[Stored records]
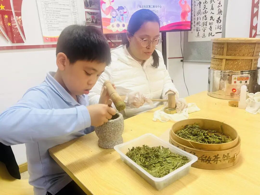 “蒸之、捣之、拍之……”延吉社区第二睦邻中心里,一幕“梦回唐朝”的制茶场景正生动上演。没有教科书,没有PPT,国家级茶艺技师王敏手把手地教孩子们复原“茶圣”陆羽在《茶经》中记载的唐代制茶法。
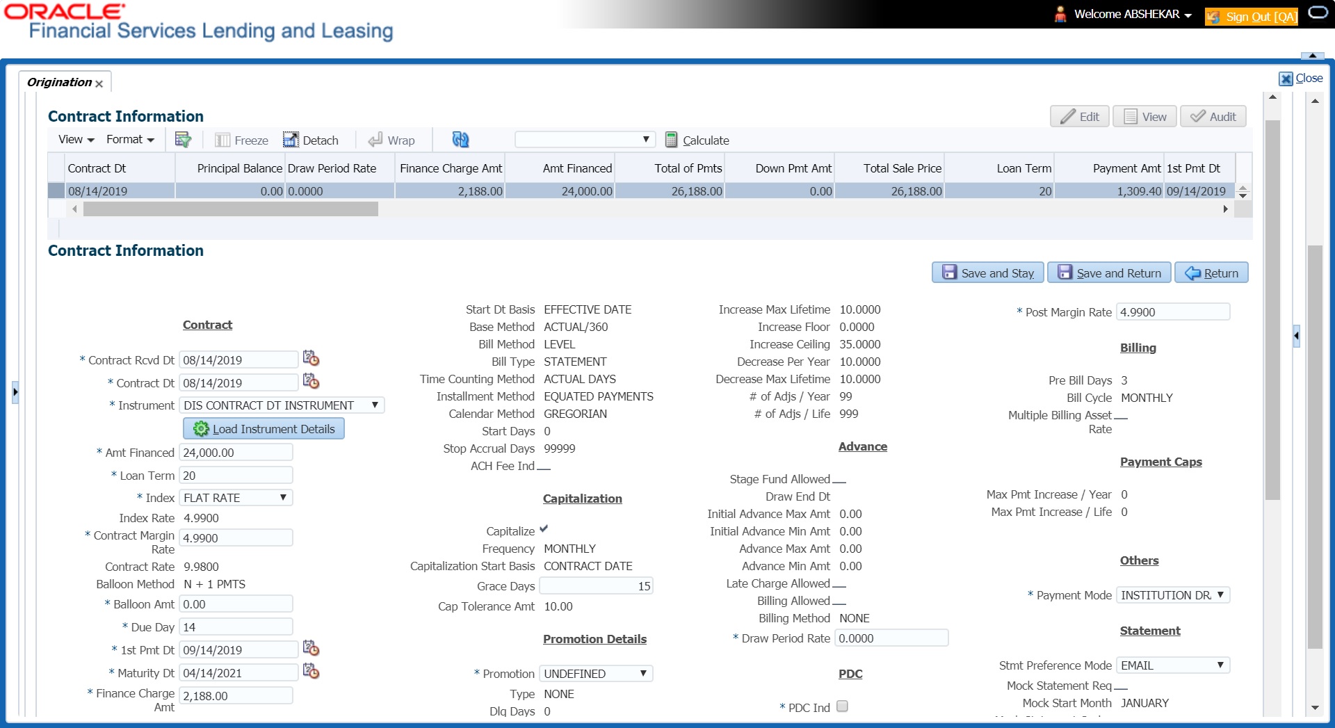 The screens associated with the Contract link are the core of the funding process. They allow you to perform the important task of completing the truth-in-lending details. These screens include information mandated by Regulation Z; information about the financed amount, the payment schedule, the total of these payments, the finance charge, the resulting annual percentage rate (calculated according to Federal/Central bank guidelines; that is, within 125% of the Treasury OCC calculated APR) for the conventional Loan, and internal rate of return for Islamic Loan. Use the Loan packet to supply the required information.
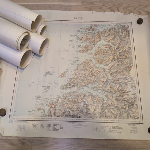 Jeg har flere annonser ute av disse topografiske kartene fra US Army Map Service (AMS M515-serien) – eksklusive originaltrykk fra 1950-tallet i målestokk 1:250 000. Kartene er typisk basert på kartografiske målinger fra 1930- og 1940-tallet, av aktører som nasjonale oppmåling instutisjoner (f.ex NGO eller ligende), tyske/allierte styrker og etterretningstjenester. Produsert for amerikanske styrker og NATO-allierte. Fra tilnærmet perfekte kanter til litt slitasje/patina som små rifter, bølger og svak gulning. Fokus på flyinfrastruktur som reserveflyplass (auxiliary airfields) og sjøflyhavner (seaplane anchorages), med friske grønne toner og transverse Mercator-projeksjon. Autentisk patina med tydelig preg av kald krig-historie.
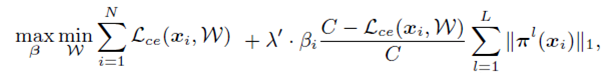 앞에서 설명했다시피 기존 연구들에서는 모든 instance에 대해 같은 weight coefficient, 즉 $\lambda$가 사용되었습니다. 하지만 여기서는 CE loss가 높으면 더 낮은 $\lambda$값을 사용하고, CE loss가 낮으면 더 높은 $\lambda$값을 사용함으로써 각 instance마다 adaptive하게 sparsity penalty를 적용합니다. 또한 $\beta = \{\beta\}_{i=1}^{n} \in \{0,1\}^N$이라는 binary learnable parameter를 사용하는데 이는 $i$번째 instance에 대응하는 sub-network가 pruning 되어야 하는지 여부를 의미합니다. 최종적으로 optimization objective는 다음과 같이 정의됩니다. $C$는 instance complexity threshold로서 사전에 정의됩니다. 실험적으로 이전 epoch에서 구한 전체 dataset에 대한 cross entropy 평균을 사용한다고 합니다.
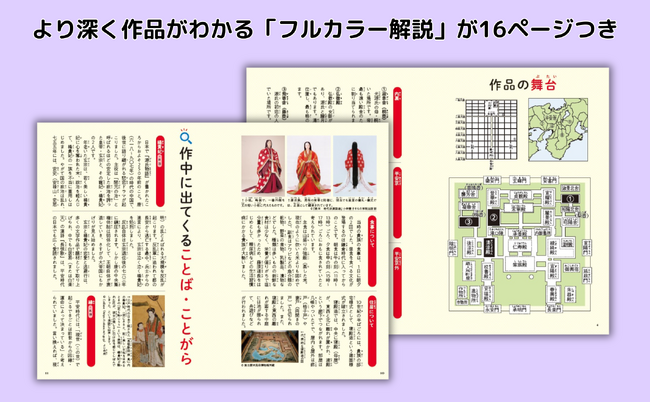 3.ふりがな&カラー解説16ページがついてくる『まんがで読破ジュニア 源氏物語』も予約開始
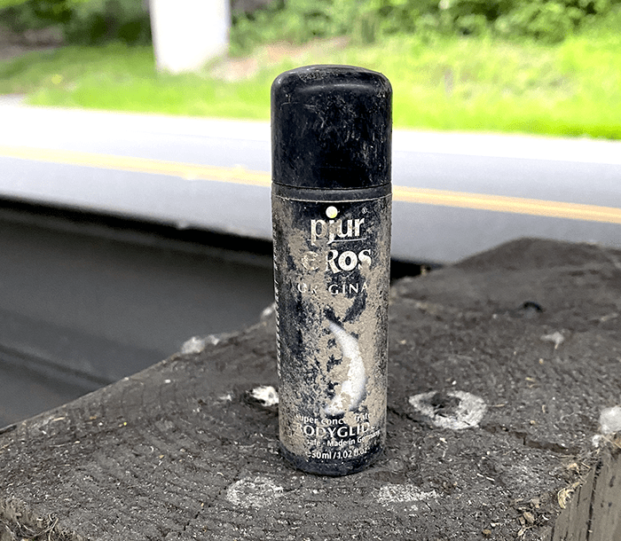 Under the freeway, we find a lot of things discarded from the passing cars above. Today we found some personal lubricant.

### Directions
Set down exactly, line for line, the data from the line that contains "3.ふりがな&カラー解説16" through its last line, keeping pictures out.

### Your solution
 3.ふりがな&カラー解説16ページがついてくる『まんがで読破ジュニア 源氏物語』も予約開始
 Under the freeway, we find a lot of things discarded from the passing cars above. Today we found some personal lubricant.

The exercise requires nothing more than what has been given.